Meeting Maria Ressa (Again)
February 17, 2025
I first met her before she was imprisoned.
I was 17. She was giving a talk in a local university about social media and disinformation. Before the 2016 US elections, she had sounded the alarm on disinformation spreading in the Philippines that influenced our elections and propelled Duterte that led yet another failed war on drugs and a successful war on the poor.
2017 at Ateneo, Manila, Philippines.
After her talk, I asked her: “how can we hold these social media companies, all located in the US, accountable for the violence they help incite and the politics they cripple in developing countries?” It is literal violence through state-sponsored disinformation: War on Drugs in the Philippines, Rohingya genocide in Myanmar, ethnic cleansing in Ethiopia during the Tigray war, and vaccine hesitancy worldwide. And at that time in 2017, these companies “solve it” by having one or two people from San Francisco determine the online content of entire countries, or of unrelated neighboring countries grouped into regions.
7 years later, after she herself was targeted by the Philippine government with disinformation and imprisoned on false charges, I met her again in a gathering where we were the only 3 Filipinos invited to the event in the economic headquarters of the world. Now she has a Nobel Peace Prize. Now I authored 2 anonymous articles for Rappler, the news site she founded. Now I am a researcher figuring out how we can build AI that puts humans first while trying to support and communicate to policymakers the urgency to act now.

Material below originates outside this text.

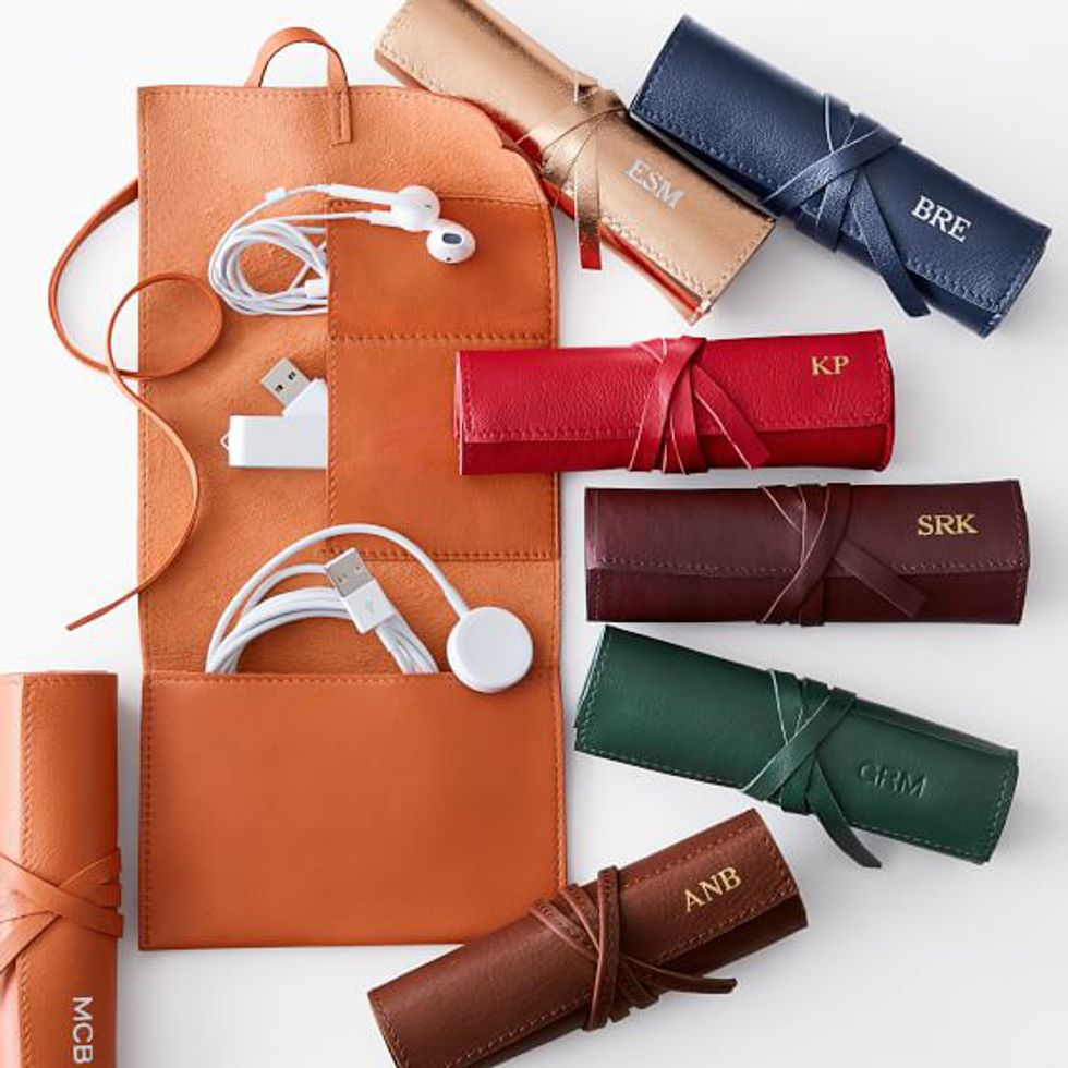 There's always that person at work looking for a charger or rifling through a bag, fishing for their own. Help that office-mate solve their charging needs with a sleek and stylish Leather Charger Roll Up from Mark and Graham. Made of supple and soft leather, this neat little roll up is priced at $49 and has three convenient pockets for storing chargers and can be monogramed free of charge for that added personal touch. It comes in a variety of colors and patterns to select from. It's so chic, you might just want one of your own.

2025 at OECD Headquarters, Paris, France. I was selected out of more than 1000 applications to present a poster. There were 40 speakers and 49 other poster presenters.

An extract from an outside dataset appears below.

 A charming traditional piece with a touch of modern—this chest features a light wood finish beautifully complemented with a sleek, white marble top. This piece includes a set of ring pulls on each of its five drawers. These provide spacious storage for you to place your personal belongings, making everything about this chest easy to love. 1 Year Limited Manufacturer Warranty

Yet I still have the same unanswered question. The patterns I experienced on social media are manifesting again with how AI is developed and used but in more subtle, complex ways. Before, we only had to deal with the issue of teen girls developing negative body images of themselves from social media use. Now, we have to deal with that AND the issue of people becoming dependent on AI companions to the point of being persuaded to commit suicide while simultaneously accelerating carbon emissions in the process. All the while American Big Tech companies become even richer and accumulate more power. Not to mention, Meta specifically pulling the plug on content moderation too a few weeks ago.
7 years on, she doesn’t have a clear solution either. Yet Maria Ressa is still committed to the fight against disinformation and pushing for accountability for the powerful. It amazes me how she keeps going. She is one of the strongest women I have ever met.
7 years before, her talk had made me think of the effects of technology on society close to my heart. It is transformative. It is liberating. But it can also be violent. And that violence is painfully real.
I will do my best to help avoid the worst perversions from social media being perverted further with AI. I will try. We can only try.